Data below —
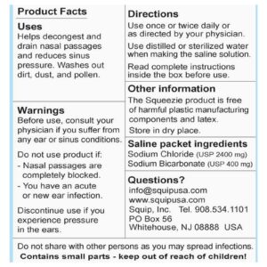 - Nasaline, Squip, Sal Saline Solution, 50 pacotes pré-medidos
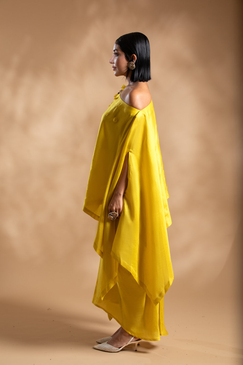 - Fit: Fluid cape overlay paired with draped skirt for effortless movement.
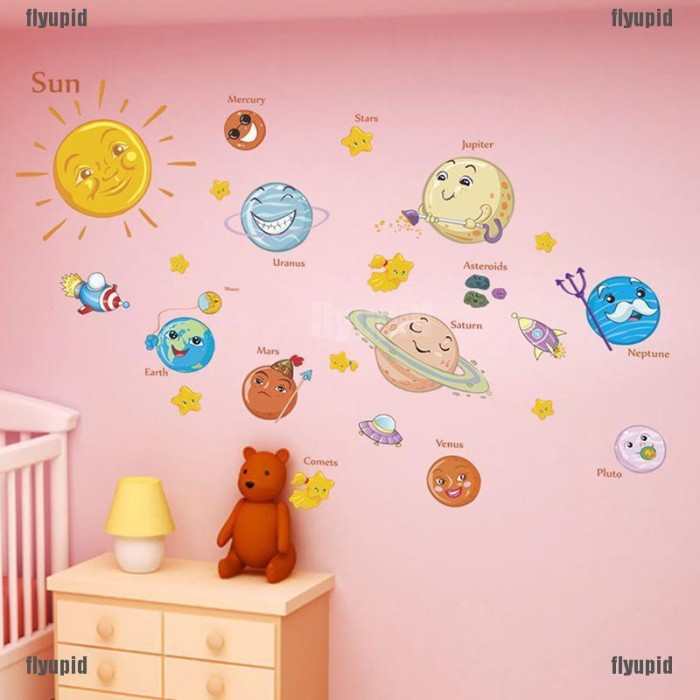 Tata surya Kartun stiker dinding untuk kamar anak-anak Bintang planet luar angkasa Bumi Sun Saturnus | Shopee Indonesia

What you will do —
The lines from the one containing "- Fit: Fluid" through the end of the data above are to be copied exactly, both ends included, and pictures are to be omitted.

Response to this exercise —
 - Fit: Fluid cape overlay paired with draped skirt for effortless movement.
 Tata surya Kartun stiker dinding untuk kamar anak-anak Bintang planet luar angkasa Bumi Sun Saturnus | Shopee Indonesia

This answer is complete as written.